**WORK ORDER**
Below are records; print only the lines from the line containing "Inauguration Function of" to the end, both included, reproduced exactly and without the pictures.

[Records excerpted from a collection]
*****
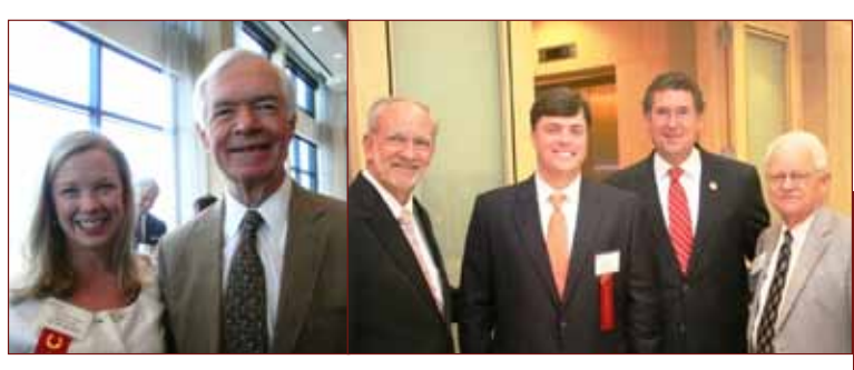
Caroline Sims and Senator Thad Cochran

Butler Snow hosted the Madison County Business League in our conference center for its "Coffee with the Senator" series with special guest U.S. Senator Thad Cochran. Senator Cochran addressed issues related to the federal budget and appropriations process as well as measures for job creation and deficit reduction. In addition to Senator Cochran, Representative Gregg Harper (MS-3) and many local elected officials were in attendance for the breakfast.
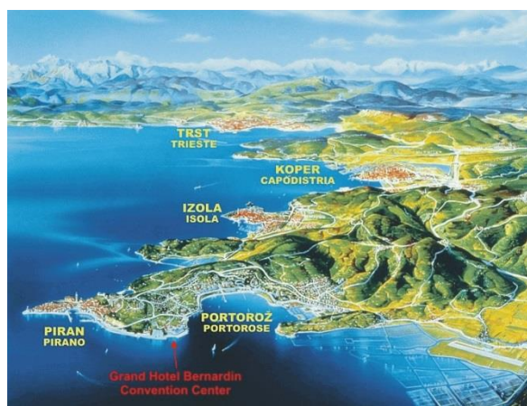
Panorama of the Slovene coast
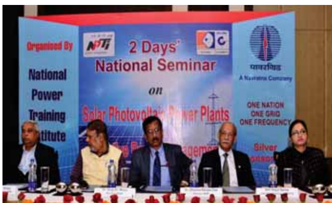
Inauguration Function of 2 Days National Seminar on Solar Photovoltaic Power Plants and Reactive Power Management on 3rd & 4th Dec 2018 at Guwahati
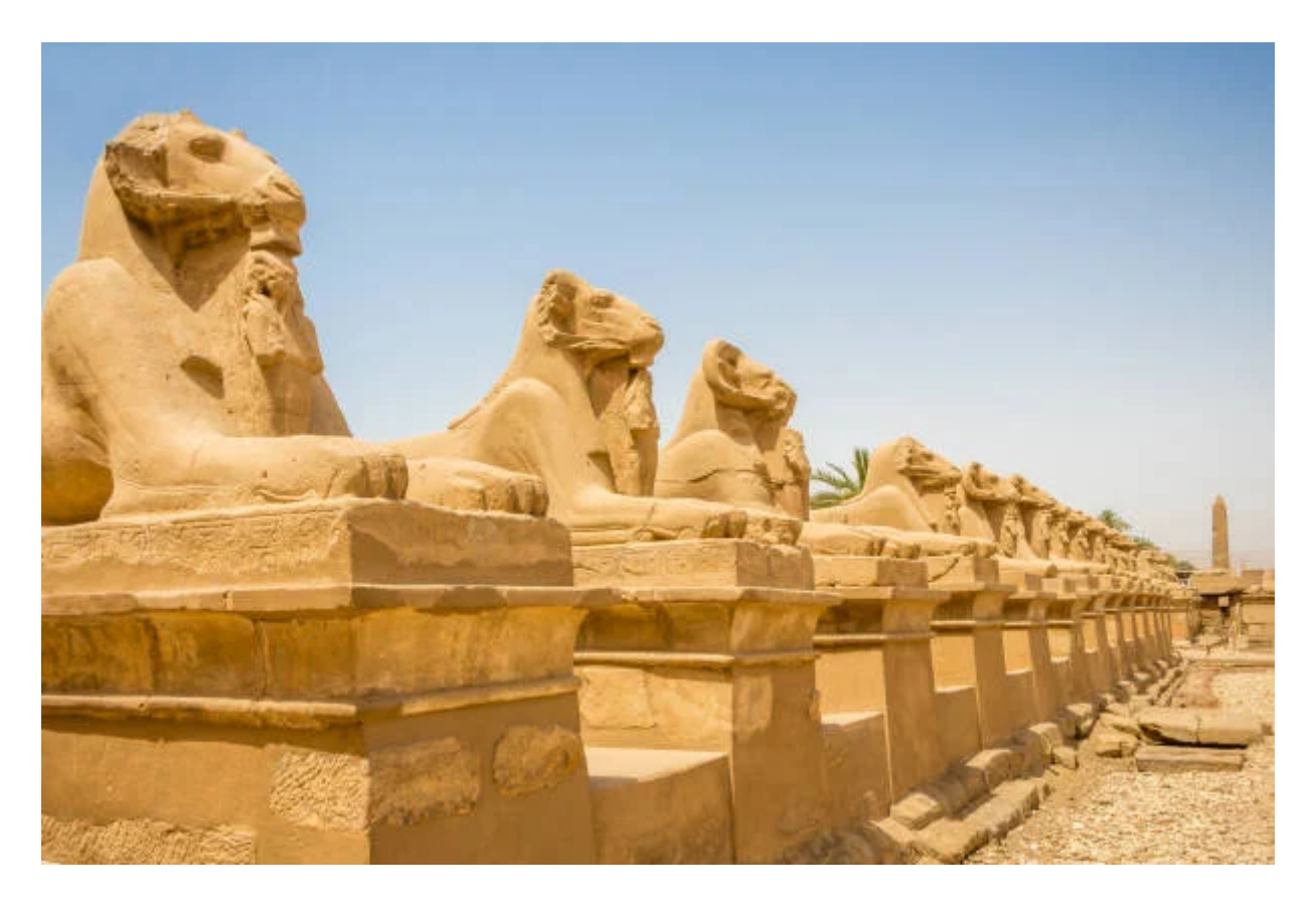
Tag 1: Check in , East Bank

When you arrive at the airport, our representative will visit the Luxor Temple after visiting the Karnak Temple . Beginning the next day, you and our representative will tour the Temple of Queen Hatshepsut and the Valley of the Kings ,
*****
**ANSWER SECTION**
Inauguration Function of 2 Days National Seminar on Solar Photovoltaic Power Plants and Reactive Power Management on 3rd & 4th Dec 2018 at Guwahati
Tag 1: Check in , East Bank

When you arrive at the airport, our representative will visit the Luxor Temple after visiting the Karnak Temple . Beginning the next day, you and our representative will tour the Temple of Queen Hatshepsut and the Valley of the Kings ,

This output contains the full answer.